I like it also. Nice job.


----------



## phillywood (Jan 20, 2011)

Paul, I like it and I think the clear top makes it unique and it ahs lots of swirl and character to it. Just give it little time it will grow on her.


----------



## ldb2000 (Jan 20, 2011)

I agree with everyone else , I like it too . The wood has allot of character and the clear part on the top really sets it off .


----------



## seamus7227 (Jan 20, 2011)

Unbelievable! I too have to agree with the rest of the croud and say I too like it!


----------



## JohnU (Jan 21, 2011)

I like it....better yet I Love it!  .... so much that I want to go make one for myself.  It really shows what that wood has to offer and magnifies the inner wood in the clear areas.  A definate WINNER!


----------



## ctubbs (Jan 21, 2011)

Again for all above plus congratulations on a great save.
Charles


----------



## MR2MAN (Jan 21, 2011)

I love it! I agree with everyone with the clear at the knob. How did you finish it? Micromesh and polish?


----------



## fernhills (Jan 21, 2011)

It looks great.  It may be a good idea for shaving mugs.  Nice work.  Carl


----------



## PaulDoug (Jan 21, 2011)

Well thanks for all the nice comments.  It is finished by sanding 220 through 600 sand paper and then all the way through with micro mesh, followed by Hut plastic polish and a coat of Res. wax.  On the lid I used Brasso for polishing.  It seemed to work better than the Hut Plastic Polish.  I don't know why.

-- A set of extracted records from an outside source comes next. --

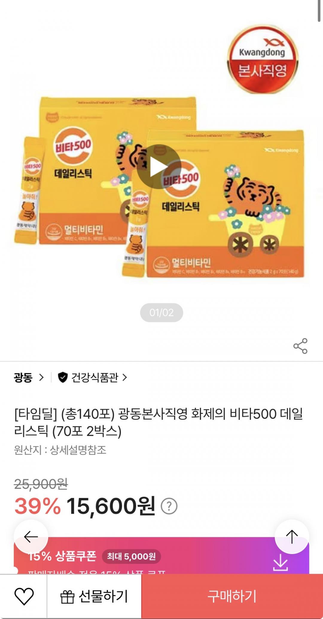 로그인하면은 15,600원 나와서 비타500 음료대신
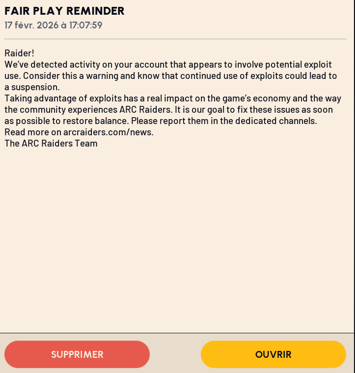 je viens de recevoir le message a l'instant , bon apparemment j'ai juste un avertissement
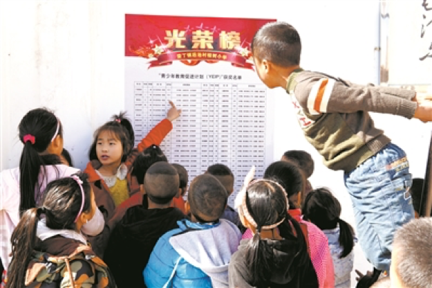 2018年6月,后池村棕树小学贴出当年的光荣榜,孩子们闻讯蜂拥而来,找寻榜上有没有自己的名字。光荣榜之下,调皮的小吉牛不论怎么踮起脚尖,始终都看不到光荣榜。情急之下,他爬上一旁的篮球架。小吉牛曾是同学们眼里的“坏”孩子,经常逃课打架,但自从棕树小学参加了奖励计划,他按时上学、连续两次获得了“出勤奖”,每次获得150元奖励。如今,小吉牛的成绩和行为习惯发生了很大变化。
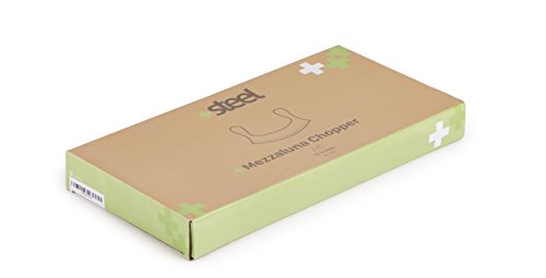 The Mezzaluna Chopper is made from all stainless steel and is 12 inches long. Hand washing recommended.
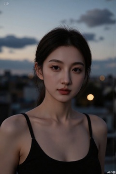 Ultra photoreal, Insane Details, 32K, Realistic, Real photo,Frontal photography, looking forward, evening, dark clouds, sunset, on city rooftops, a woman,black dress, black hair, long hair, dark theme, pastel tones, pastel colors, high contrast, (natural skin texture, Low Light, HD) ((Sky Background)) (Facial Highlights)), Light Master, 1girl, Photograp, Excellent Image Quality, Perfect Body,dark theme,soft tones,light master,evening,photograp,masterpiece,Skin details
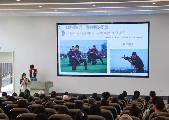 林琳介绍了新闻、纪实摄影准备工作的重要性,强调图片的质量很重要,要求拍摄者提前做好拍摄前的准备工作。林琳提出解决拍摄的问题,需要做以下准备:一是明确新闻图片的五个要素:时间,地点,人物,事件以及发生的原因,将其概括为拍摄主题;二是“我是摄影师,我有我的职责”;三是提前了解活动的场景和内容,即提前阅读活动流程,做好拍摄的计划,拍摄前进行曝光测试,提前站好位置;四是提前构建画面,做好预判,并非随意抓拍;五是克服三个懒,懒得走、懒得想、懒得拍;六是摄影师应该注意细节。林琳指出摄影师需要做事有始有终。照片必须经过筛选,必要的图片要进行后期微调。她期望每位摄影师要善于发现美,让记录成为习惯,同时也要训练敏锐的观察力,感知美的能力。讲座后,同学们踊跃提问并得到了解答。

The shaving mug is a good idea.  If I had more of this wood, I make a shaving set out of it.


----------



## Ruby pen turning (Jan 21, 2011)

I like it a lot, what is not to like? I do not see anything wrong with it, it is beautiful and the clear on the handle just ads character. You have garbage wood into functional one of kind art.


----------



## greggas (Jan 21, 2011)

Paul 
thanks for showing that .  I have thought often about doing something similar...looks like fun


----------



## Jgrden (Jan 21, 2011)

I can see why you did not want to throw the wood away. It is beautiful.


----------



## skiprat (Jan 21, 2011)

Besides the wild grain pattern, the thing that also caught my eye was the clear knob. I can't explain it but that part is really cool. I think it would have been spoilt ( spoiled?) if you had used coloured resin.

Beautifully done


----------